Un sistema educativo, una enseñanza de calidad, un futuro posible y posibilitador no puede sobrevivir a base de cantos de cigarra, por muy alegre que sean sus letras y cautivadores sus bailes, una enseñanza de calidad necesita y nutre del trabajo diario, del esfuerzo y de la perseverancia de sus hormigas, las que están a pie de aula, las que sufren el trabajo duro y demasiadas veces sin sombra ni paraguas que los cobije. Un docente es una hormiga que sin descanso trabaja para procurar sustento a sus alumnos y que cada vez más, resignada observa como es el mensaje de la cigarra, la que realmente emulan sus pupilos, la de la intención más que la acción, laxitud más que esfuerzo. La hormiga sin embargo sufre, porque el invierno más duro siempre llega, y siempre es el mismo, cuando salgan de su fase de pupación y deban enfrentarse a la vida real, estudios superiores o mercado laboral.

Un sistema educativo, una enseñanza de calidad, un futuro posible y posibilitador no puede sobrevivir a base de cantos de cigarra

Cuando eso ocurra, y ahora viene la crítica, será la misma cigarra la que, como en la fábula, venga necesitada a volver a pedir sustento a la hormiga, sus docentes, multiplicando sus tareas y trabajo. 

Contrariamente a la fábula, nosotros, hormigas, no cerramos puertas, y si nos las cierran, abrimos ventanas, pero de seguir con esta inercia y política de rebajar contenidos, pasar de curso con asignaturas pendientes, exigir el esfuerzo en los recreos, restringir la autoridad académica de los docentes y limitar a la guarda y custodia nuestra profesión, llegará un momento donde ni las hormigas podamos trabajar para tanta cigarra.
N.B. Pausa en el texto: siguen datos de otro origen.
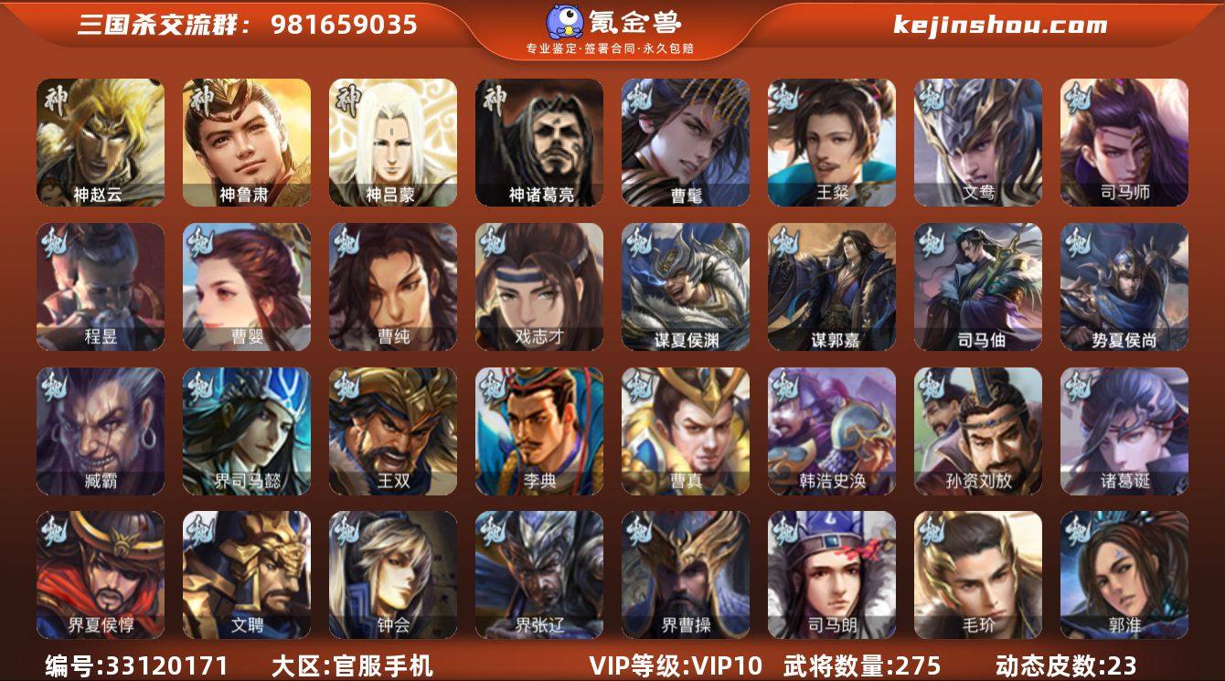 官阶:骠骑将军;VIP等级:VIP10;史诗武将数量:28;动态皮肤数量:23;武将总数:275;史诗宝珠数量:1;将魂数量:5817;神将:3;魏国史诗武将:6;蜀国史诗武将:3;吴国史诗武将:7;群史诗武将:11

Por otro lado, la misma fábula y la misma culpa podemos atribuirla a “aquellos” que aprovechando el trabajo de sus compañeros, cantan y bailan durante cuatro años si les gusta la sombra que les cobija, gritando más que trabajando cuando no, mientras otros simplemente, solo cantan como éxitos propios, el trabajo diario de los demás.

En fin, esperemos que el burro no toque la flauta y MUFACE no necesite de un canto de cigarra cada cuatro años, para desparecer, confíe más en sus amigas las hormigas.